🤖 AI Summary
Embodied intelligence faces challenges in environment perception and adaptive decision-making. Method: This work introduces an open-source multimodal “foundation brain model” architecture, scalable from 7B to 72B parameters and deployable across diverse physical embodiments. To address perceptual and behavioral adaptation, we propose DPPO (Deep-Reflection Proficient Policy Optimization), a meta-cyclic training framework integrating Reinforcement Learning, Refinement, Diagnostic Feedback, and Supervised Fine-Tuning—mimicking human metacognition for efficient deliberate practice. Trained on >4B high-quality tokens using an A800 cluster, the method closes the RL loop with diagnostic feedback and SFT. Contribution/Results: Our approach achieves a 20.3% improvement over base models, outperforms open-source models exceeding 100B parameters by 10.6%, and attains state-of-the-art performance on major embodied AI benchmarks—matching or exceeding closed-source SOTA systems.
📝 Abstract
This report presents Pelican-VL 1.0, a new family of open-source embodied brain models with parameter scales ranging from 7 billion to 72 billion. Our explicit mission is clearly stated as: To embed powerful intelligence into various embodiments.

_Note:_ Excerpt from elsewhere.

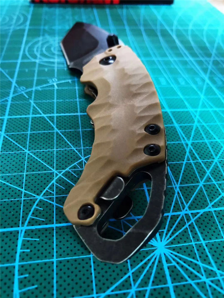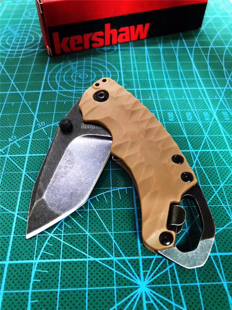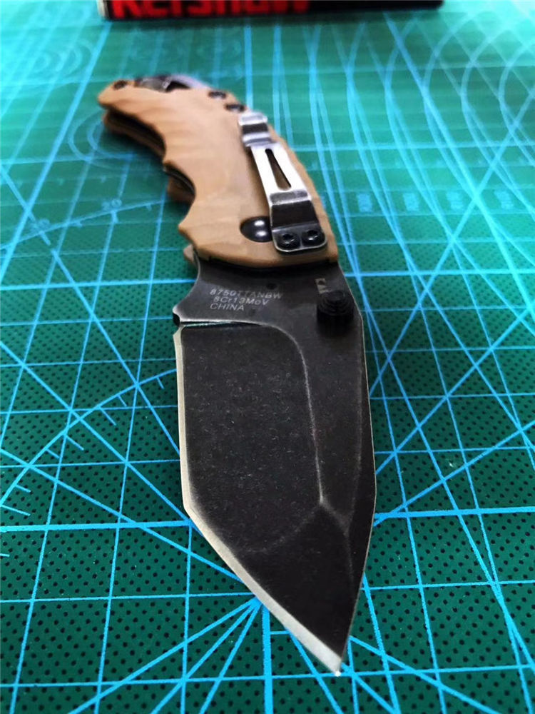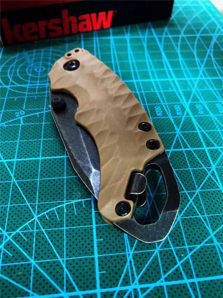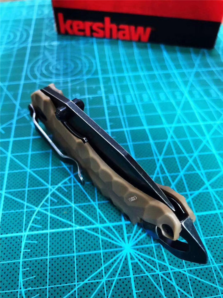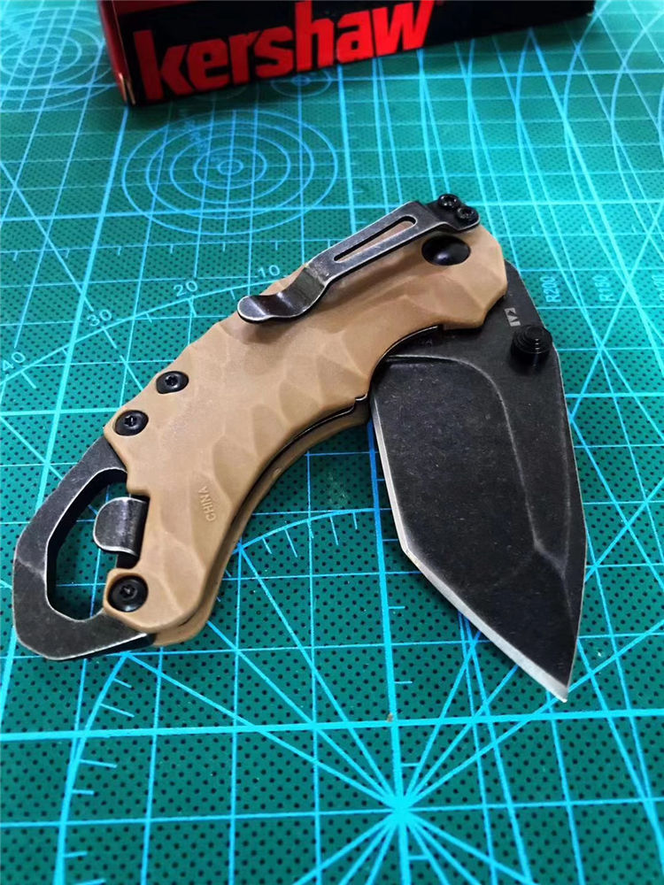 卡秀8750沙漠柄折刀 闭合:102mm 刃长:67mm 刃材:8Cr13MoV钢黑色石洗 几何头 刃厚:2.5mm 锁定:衬垫锁 柄材:雕刻玻璃纤维尼龙,瓶起子和螺丝刀功能 重量:85g 携带:可拆卸背夹 产地:中国

Pelican-VL 1.0 is currently the largest-scale open-source embodied multimodal brain model. Its core advantage lies in the in-depth integration of data power and intelligent adaptive learning mechanisms. Specifically, metaloop distilled a high-quality dataset from a raw dataset containing 4+ billion tokens. Pelican-VL 1.0 is trained on a large-scale cluster of 1000+ A800 GPUs, consuming over 50k+ A800 GPU-hours per checkpoint. This translates to a 20.3% performance uplift from its base model and outperforms 100B-level open-source counterparts by 10.6%, placing it on par with leading proprietary systems on well-known embodied benchmarks. We establish a novel framework, DPPO (Deliberate Practice Policy Optimization), inspired by human metacognition to train Pelican-VL 1.0. We operationalize this as a metaloop that teaches the AI to practice deliberately, which is a RL-Refine-Diagnose-SFT loop.